Fred Vasconcelos participou de um chat no UOL sobre a cobertura das operações da PF, dos quais se extraem os seguintes destaques:
"Essas operações começaram antes do governo Lula. O Brasil firmou compromissos em fóruns internacionais para combater o crime organizado. Essas operações fazem parte desse esforço, que requer instrumentos como a interceptação telefônica, a delação premiada. Tudo sob controle da Justiça, com acompanhamento devido do Ministério Público Federal."

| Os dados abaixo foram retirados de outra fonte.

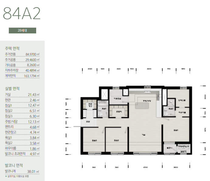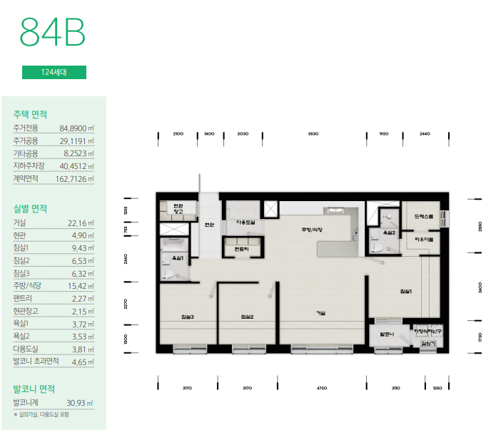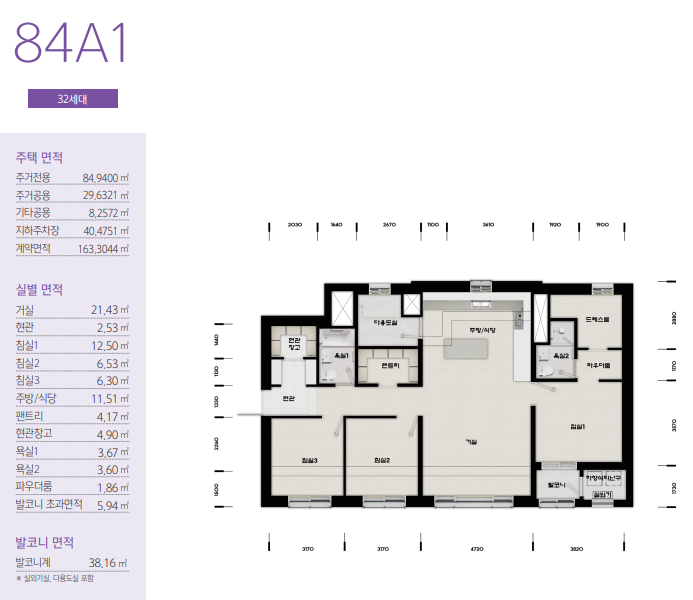 모든 세대가 발코니 확장형으로 시공되며, 타입별 세부 면적 및 옵션 사항은 주택전시관과 사이버 견본주택을 통해 미리 확인할 수 있습니다.

"O que ocorre, a meu ver, é que a prisão temporária é vista como uma espécie de punição. Ela é feita quando há indícios de que o investigado pode vir a eliminar provas ou intimidar testemunhas. Mas se não ficam caracterizadas essas circunstâncias, ou se o investigado já respondeu, é natural que ele seja solto. O problema, a meu ver, é a impunidade mais adiante. E, para isso, contribui muito, a meu ver, o foro privilegiado. Em suma, a polícia não prende a a Justiça solta. É a justiça que manda prender e manda soltar."

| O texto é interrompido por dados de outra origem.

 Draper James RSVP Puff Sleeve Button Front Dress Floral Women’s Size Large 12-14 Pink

"A Polícia Federal possui uma estrutura bem montada de mídia. Acredito que chega a "pautar" a imprensa. A imprensa deve, sim, tentar levar ao leitor outros lados dessa instituição. Há procuradores que se queixam da demora para cumprimento de mandados de prisão que não geram manchetes e holofotes. Mas, repito, isso tudo não tira o mérito dessas operações."
"É importante sempre lembrar que todas as operações são feitas a partir de autorização de um juiz. A democracia só tem a ganhar com o combate ao crime organizado que, inclusive, se ramifica inclusive no Judiciário. É saudável, a meu ver, que juízes autorizem, inclusive, a investigação de magistrados muito suspeitos."